Conventional transistor gate electrodes may employ a hard mask or etch stop layer, such as a silicon nitride layer, over a polysilicon gate layer to protect the gate layer during a subsequent etch, such as source/drain contact etch which might short the gate electrode if it is exposed. In the conventional subtractive process, the gate layer and then the etch stop layer are deposited in succession and etched together after a single lithographic operation to form a gate electrode stack.
As a departure from such subtractive gate electrode processes, replacement gate processes are becoming methods of choice for advanced transistor fabrication. A replacement gate process typically employs a dummy structure or mandrel around which other transistor features, such as dielectric spacers and doped substrate regions, are formed. Eventually, the mandrel is removed and replaced with a gate electrode material, such as a metal, having properties suitable for a high performance transistor.
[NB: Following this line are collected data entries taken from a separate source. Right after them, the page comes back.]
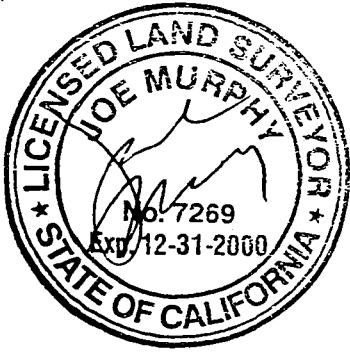
Exhibit A-4 W 25644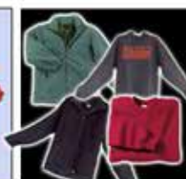
Fleeces & Sweatshirts

Available custom printed - call 01621 828882 with your requirements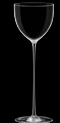
NEREA Cordial 05 13 cl 4 1/2 oz H 210 mm 8 1/4" D 72 mm 2 3/4" No. 64954 0500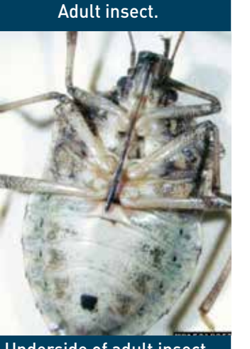
Underside of adult insect.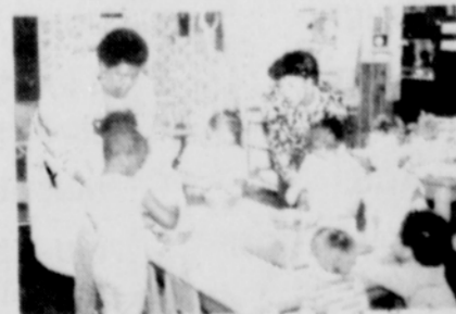
4 Year Olds - Making Cookies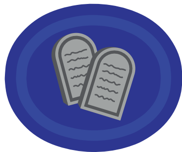
CLASS FRIEND Bible Discovery I

Genesis-Ruth Patriarchs & Prophets Pentateuch-Pre Monarchy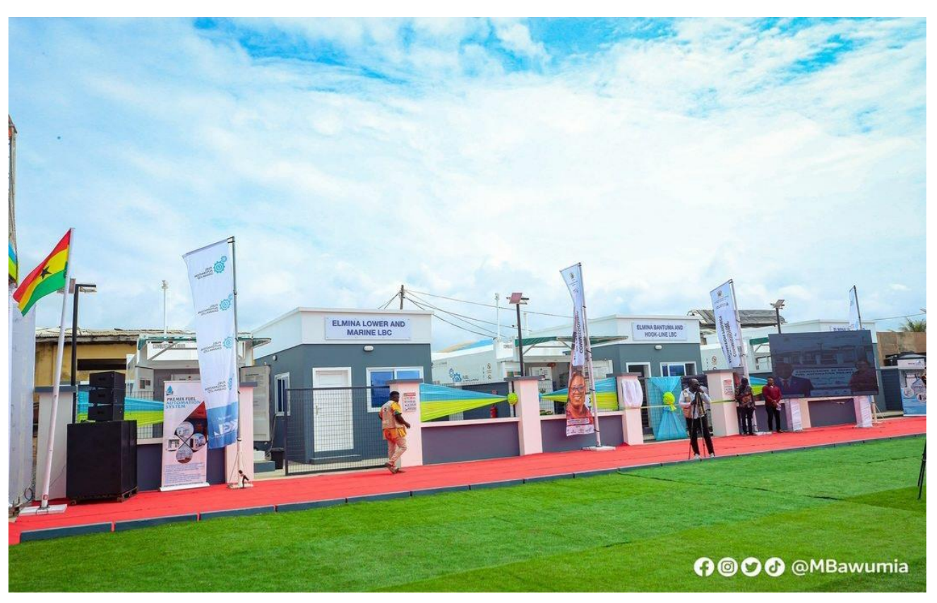
Elmina Automated Premix Fuel Dispensing System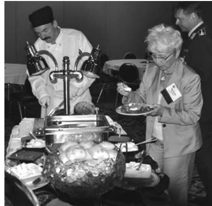
ASSOCIATE FELLOWS/FELLOWS RECEPTION-- Sponsored by Wyle.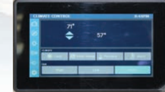
Firefly Multiplex Wiring

10.25" Touch Screen with Smart Wheel Controls, Built-in Navigation, Apple CarPlay/ Android Auto, and "Hey Mercedes" Voice Control.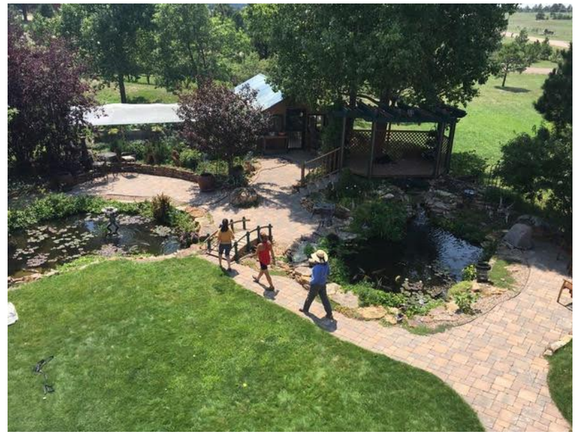
Water's Edge in Elbert, CO, (photo courtesy of Water's Edge)

Journal of the Colorado Water Garden Society

However, replacement gate electrode processes, being additive, do not lend themselves well to incorporation of a stop layer over the gate layer. For example, the replacement gate layer may be deposited and planarized, but it is difficult to polish back a dielectric etch stop layer deposited as an overburden of the gate layer deposition. Such processes will generally leave some gate layer exposed. Alternatively, if a dielectric layer is deposited after a gate electrode material is planarized, that dielectric layer then needs to be patterned such that it provides an etch stop layer over the entire gate electrode surface while not extending a significant amount into other device regions, such as over a source or drain of the transistor. Any such patterning of the etch stop layer necessitates an additional lithography operation with associated alignment tolerances and costs.